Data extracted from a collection

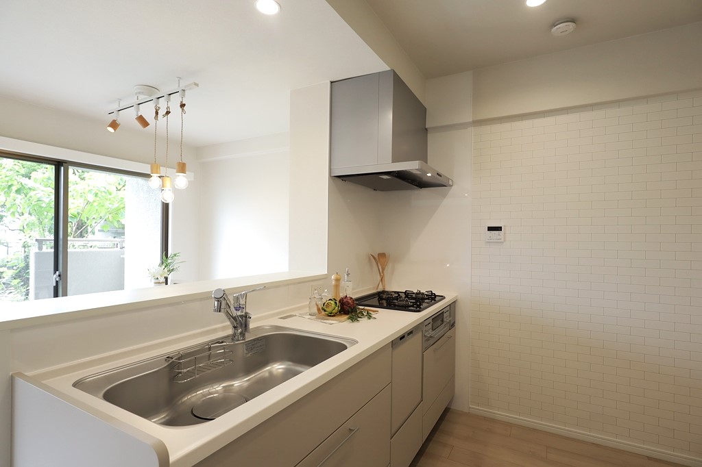 【システムキッチン】食洗機付きでお料理後の後片付けもスムーズです。
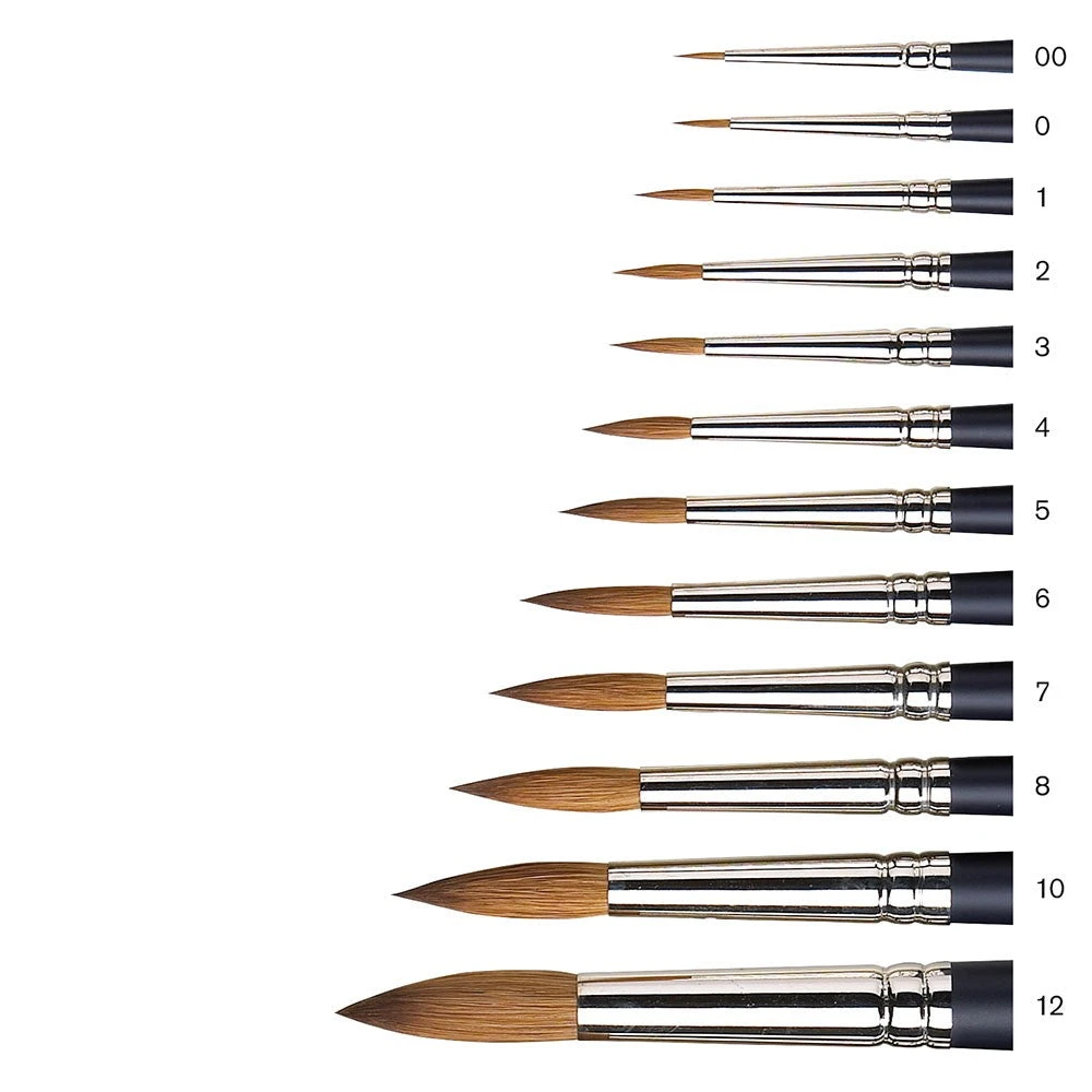 Round – The most popular round bellied water colour brush . Excellent for washes as well as detail work. 12 sizes from 00 to 12.
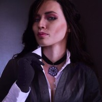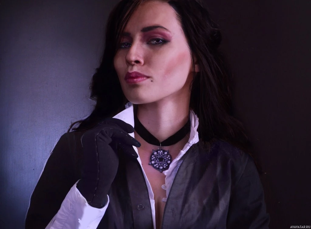 The image shows a person posing in what appears to be an outfit that resembles the attire of Yennefer from "The Witcher"
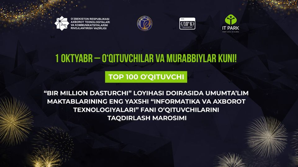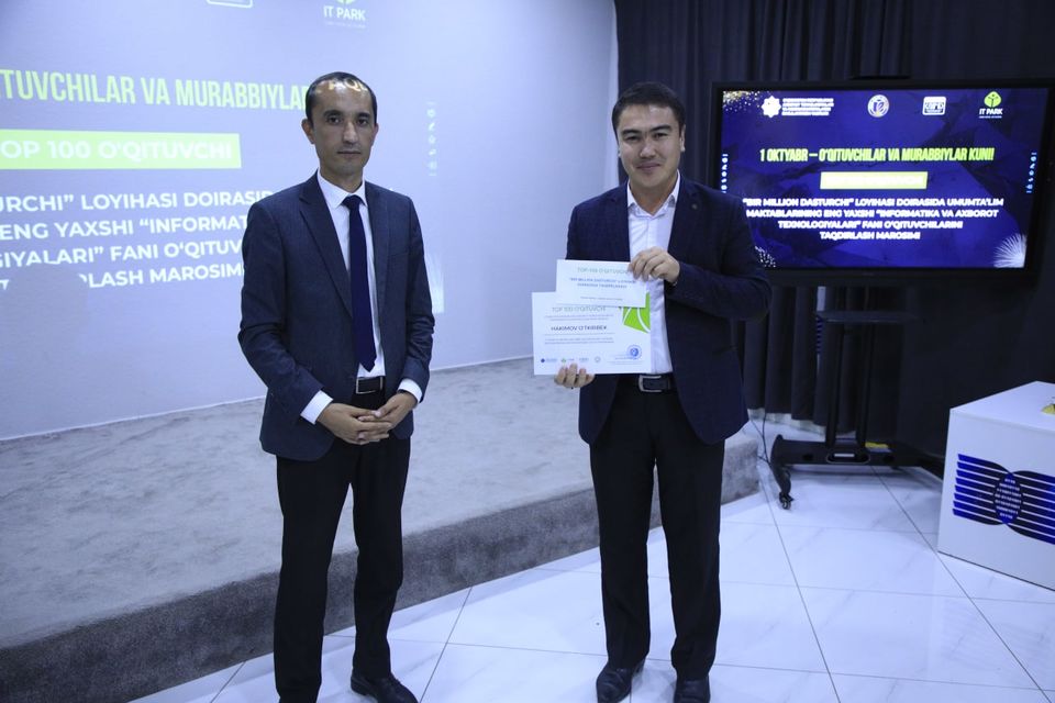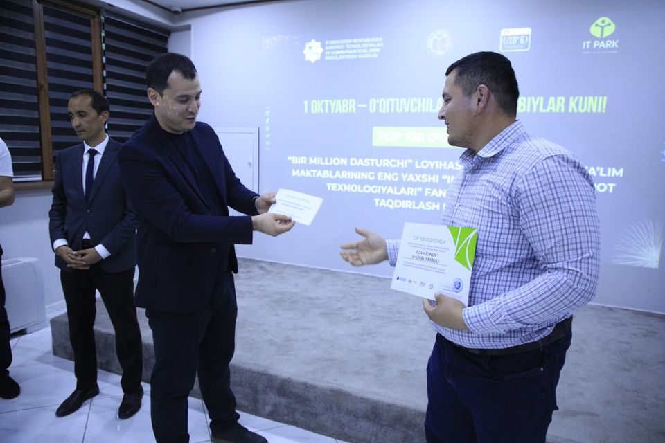 Ахборот технологиялари ва коммуникацияларини ривожлантириш вазирлиги, Халқ таълими вазирлиги, IT Park ҳамда «Dubai Future Foundation» ҳамкорлигидаги «Бир миллион дастурчи» лойиҳаси доирасида ўқув курсларини муваффақиятли якунлаган умумтаълим мактабларининг 100 нафар энг яхши «Информатика ва ахборот технологиялари» фани ўқитувчилари ҳар йили анъанавий равишда рағбатлантирилиб, базавий ҳисоблаш миқдорининг 20 баравари миқдорида бир марталик мукофот пули билан тақдирланиб келинмоқда.
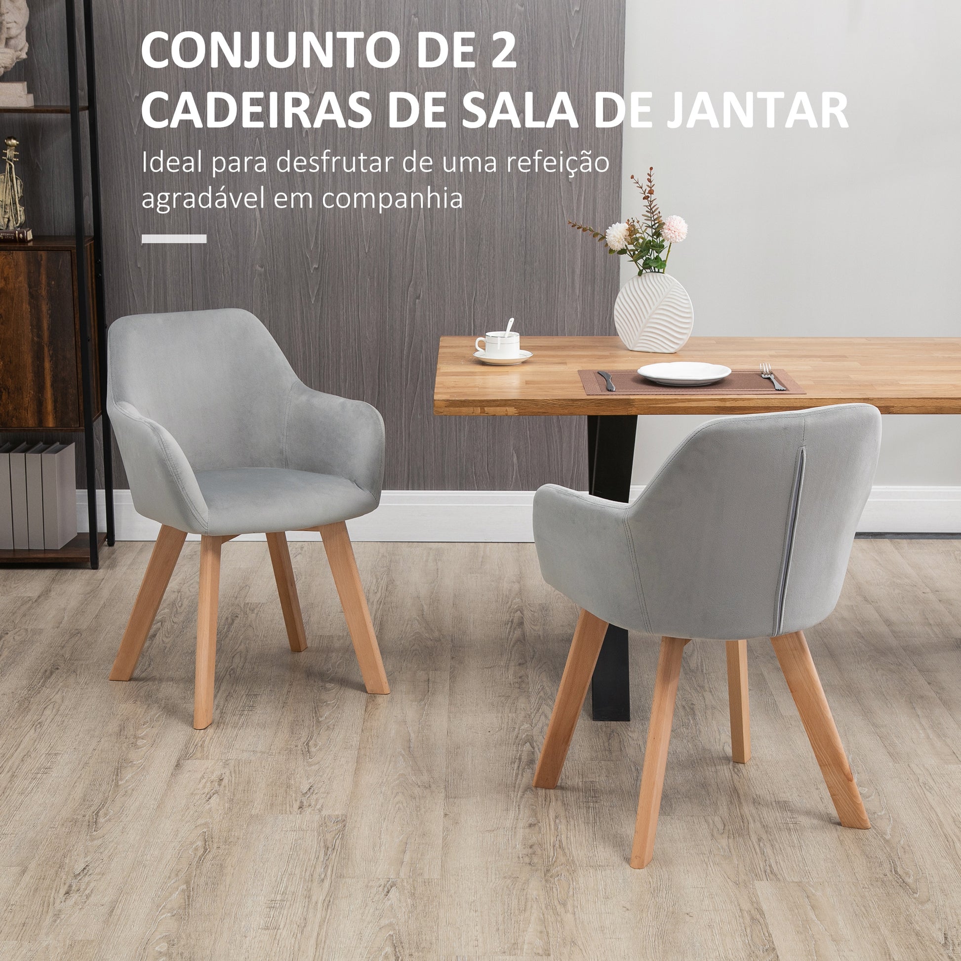 Conjunto de 2 Cadeiras de Sala de Jantar Estofadas em Veludo 54x57x80cm Cinza

About this task - Given the entries above, transcribe exactly the lines from the one holding "Round – The" through the one holding "The image shows"; pictures do not belong in the transcription.

Response below -
 Round – The most popular round bellied water colour brush . Excellent for washes as well as detail work. 12 sizes from 00 to 12.
 The image shows a person posing in what appears to be an outfit that resembles the attire of Yennefer from "The Witcher"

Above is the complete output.